YOUR GOAL »
Type again, exactly, the lines below from the start through the line that includes "The image shows".

Excerpts from a dataset »

##############################

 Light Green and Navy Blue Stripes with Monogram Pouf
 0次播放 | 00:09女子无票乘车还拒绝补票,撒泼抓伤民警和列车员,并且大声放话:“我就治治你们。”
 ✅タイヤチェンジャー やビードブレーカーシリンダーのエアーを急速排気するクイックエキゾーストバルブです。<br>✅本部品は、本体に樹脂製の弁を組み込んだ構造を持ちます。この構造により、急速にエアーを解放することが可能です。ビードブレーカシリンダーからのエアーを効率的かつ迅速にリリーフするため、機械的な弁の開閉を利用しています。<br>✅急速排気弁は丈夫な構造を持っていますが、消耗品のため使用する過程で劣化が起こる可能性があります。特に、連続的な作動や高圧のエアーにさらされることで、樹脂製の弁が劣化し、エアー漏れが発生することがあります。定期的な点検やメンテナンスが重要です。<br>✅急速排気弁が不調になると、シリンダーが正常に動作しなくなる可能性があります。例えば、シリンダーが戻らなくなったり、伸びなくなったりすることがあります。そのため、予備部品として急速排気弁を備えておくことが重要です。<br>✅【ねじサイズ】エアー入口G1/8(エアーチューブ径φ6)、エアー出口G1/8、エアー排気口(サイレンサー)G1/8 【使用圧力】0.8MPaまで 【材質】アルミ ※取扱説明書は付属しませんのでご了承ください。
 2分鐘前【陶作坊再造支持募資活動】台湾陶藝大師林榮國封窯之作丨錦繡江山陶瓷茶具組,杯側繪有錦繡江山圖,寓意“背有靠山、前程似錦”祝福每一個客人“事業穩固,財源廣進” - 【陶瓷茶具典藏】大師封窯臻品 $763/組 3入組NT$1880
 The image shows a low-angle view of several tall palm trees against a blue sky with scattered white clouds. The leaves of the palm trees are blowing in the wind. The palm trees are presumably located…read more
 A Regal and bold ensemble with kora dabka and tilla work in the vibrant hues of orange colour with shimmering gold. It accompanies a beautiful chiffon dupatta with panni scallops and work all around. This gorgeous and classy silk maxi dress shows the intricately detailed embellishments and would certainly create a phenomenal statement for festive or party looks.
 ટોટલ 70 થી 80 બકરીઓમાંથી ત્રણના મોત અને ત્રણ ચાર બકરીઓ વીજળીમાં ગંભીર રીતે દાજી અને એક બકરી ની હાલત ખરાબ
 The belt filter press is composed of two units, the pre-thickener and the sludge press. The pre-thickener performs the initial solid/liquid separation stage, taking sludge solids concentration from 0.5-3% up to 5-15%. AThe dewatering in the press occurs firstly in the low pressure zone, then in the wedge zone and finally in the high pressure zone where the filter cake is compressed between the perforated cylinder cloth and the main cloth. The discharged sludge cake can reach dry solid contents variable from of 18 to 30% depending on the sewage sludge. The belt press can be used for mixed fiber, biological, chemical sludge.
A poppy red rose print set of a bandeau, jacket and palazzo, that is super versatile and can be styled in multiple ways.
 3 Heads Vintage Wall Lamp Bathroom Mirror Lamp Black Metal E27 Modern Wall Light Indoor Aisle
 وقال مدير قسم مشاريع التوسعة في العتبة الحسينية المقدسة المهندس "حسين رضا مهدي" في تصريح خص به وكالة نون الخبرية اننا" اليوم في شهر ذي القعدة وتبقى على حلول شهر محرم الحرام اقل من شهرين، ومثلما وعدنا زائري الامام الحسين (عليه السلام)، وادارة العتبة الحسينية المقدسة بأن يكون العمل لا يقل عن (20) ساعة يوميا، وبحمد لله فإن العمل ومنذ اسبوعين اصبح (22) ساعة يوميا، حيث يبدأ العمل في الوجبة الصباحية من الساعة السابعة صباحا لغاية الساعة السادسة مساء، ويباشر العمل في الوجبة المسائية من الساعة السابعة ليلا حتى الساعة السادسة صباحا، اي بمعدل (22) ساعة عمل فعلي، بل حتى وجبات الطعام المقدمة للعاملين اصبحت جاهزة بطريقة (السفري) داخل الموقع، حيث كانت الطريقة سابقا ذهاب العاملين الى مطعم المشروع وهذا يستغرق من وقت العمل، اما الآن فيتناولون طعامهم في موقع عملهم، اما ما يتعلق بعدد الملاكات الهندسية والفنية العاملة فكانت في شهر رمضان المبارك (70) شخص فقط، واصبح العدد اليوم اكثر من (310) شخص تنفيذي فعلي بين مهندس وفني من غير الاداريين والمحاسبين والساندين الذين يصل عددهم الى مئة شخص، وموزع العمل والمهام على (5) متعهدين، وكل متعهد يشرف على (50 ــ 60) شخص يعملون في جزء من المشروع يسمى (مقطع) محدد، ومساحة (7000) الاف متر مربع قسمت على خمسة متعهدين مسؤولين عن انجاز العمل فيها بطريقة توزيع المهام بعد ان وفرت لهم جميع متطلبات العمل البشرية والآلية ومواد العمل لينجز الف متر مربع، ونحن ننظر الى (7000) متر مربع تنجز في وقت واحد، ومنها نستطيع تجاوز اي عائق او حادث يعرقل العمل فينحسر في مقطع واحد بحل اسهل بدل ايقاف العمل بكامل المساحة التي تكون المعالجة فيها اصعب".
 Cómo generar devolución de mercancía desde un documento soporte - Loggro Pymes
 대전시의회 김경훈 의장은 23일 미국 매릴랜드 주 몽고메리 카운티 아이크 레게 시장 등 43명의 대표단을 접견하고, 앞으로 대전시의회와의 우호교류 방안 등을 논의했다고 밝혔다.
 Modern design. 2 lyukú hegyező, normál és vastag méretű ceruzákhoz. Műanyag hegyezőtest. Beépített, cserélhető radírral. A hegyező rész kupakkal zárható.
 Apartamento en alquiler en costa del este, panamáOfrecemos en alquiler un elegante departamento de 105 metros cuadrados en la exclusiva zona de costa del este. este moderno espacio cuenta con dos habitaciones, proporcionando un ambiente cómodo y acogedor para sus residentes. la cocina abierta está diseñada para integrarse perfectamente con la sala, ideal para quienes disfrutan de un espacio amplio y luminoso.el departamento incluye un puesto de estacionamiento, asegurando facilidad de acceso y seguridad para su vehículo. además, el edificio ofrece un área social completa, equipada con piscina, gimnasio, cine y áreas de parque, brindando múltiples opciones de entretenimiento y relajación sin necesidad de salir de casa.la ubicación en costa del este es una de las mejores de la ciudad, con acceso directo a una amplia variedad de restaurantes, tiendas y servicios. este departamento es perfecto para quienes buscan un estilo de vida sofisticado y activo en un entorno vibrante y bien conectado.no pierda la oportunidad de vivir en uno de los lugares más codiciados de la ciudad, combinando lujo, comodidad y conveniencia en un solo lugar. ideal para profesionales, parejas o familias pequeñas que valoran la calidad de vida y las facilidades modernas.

##############################

TASK RESULT »
 Light Green and Navy Blue Stripes with Monogram Pouf
 0次播放 | 00:09女子无票乘车还拒绝补票,撒泼抓伤民警和列车员,并且大声放话:“我就治治你们。”
 ✅タイヤチェンジャー やビードブレーカーシリンダーのエアーを急速排気するクイックエキゾーストバルブです。<br>✅本部品は、本体に樹脂製の弁を組み込んだ構造を持ちます。この構造により、急速にエアーを解放することが可能です。ビードブレーカシリンダーからのエアーを効率的かつ迅速にリリーフするため、機械的な弁の開閉を利用しています。<br>✅急速排気弁は丈夫な構造を持っていますが、消耗品のため使用する過程で劣化が起こる可能性があります。特に、連続的な作動や高圧のエアーにさらされることで、樹脂製の弁が劣化し、エアー漏れが発生することがあります。定期的な点検やメンテナンスが重要です。<br>✅急速排気弁が不調になると、シリンダーが正常に動作しなくなる可能性があります。例えば、シリンダーが戻らなくなったり、伸びなくなったりすることがあります。そのため、予備部品として急速排気弁を備えておくことが重要です。<br>✅【ねじサイズ】エアー入口G1/8(エアーチューブ径φ6)、エアー出口G1/8、エアー排気口(サイレンサー)G1/8 【使用圧力】0.8MPaまで 【材質】アルミ ※取扱説明書は付属しませんのでご了承ください。
 2分鐘前【陶作坊再造支持募資活動】台湾陶藝大師林榮國封窯之作丨錦繡江山陶瓷茶具組,杯側繪有錦繡江山圖,寓意“背有靠山、前程似錦”祝福每一個客人“事業穩固,財源廣進” - 【陶瓷茶具典藏】大師封窯臻品 $763/組 3入組NT$1880
 The image shows a low-angle view of several tall palm trees against a blue sky with scattered white clouds. The leaves of the palm trees are blowing in the wind. The palm trees are presumably located…read more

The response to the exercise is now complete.